• Activity: In the listing below, start your output at the line with "فخاف الغريب ورمى" and end it after the line with "O presidente dos", copying every line exactly.

• Extracted data:

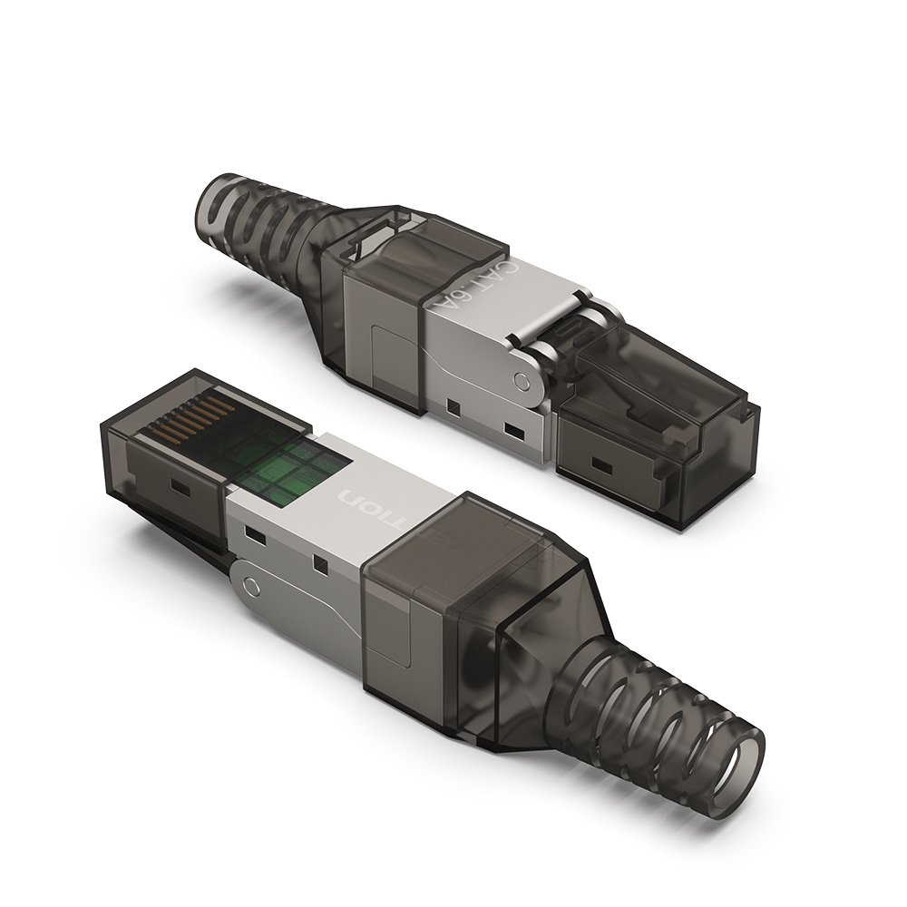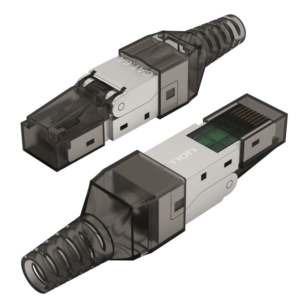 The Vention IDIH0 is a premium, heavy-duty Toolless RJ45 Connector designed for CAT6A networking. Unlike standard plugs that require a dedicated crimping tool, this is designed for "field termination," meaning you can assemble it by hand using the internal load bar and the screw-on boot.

---

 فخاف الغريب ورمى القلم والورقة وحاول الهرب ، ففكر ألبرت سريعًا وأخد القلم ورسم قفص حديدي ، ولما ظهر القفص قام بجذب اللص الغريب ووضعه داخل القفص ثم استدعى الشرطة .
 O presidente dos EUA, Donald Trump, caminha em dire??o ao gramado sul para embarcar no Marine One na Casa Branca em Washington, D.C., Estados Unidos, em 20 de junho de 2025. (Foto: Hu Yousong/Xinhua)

• Solution for this exercise:
 فخاف الغريب ورمى القلم والورقة وحاول الهرب ، ففكر ألبرت سريعًا وأخد القلم ورسم قفص حديدي ، ولما ظهر القفص قام بجذب اللص الغريب ووضعه داخل القفص ثم استدعى الشرطة .
 O presidente dos EUA, Donald Trump, caminha em dire??o ao gramado sul para embarcar no Marine One na Casa Branca em Washington, D.C., Estados Unidos, em 20 de junho de 2025. (Foto: Hu Yousong/Xinhua)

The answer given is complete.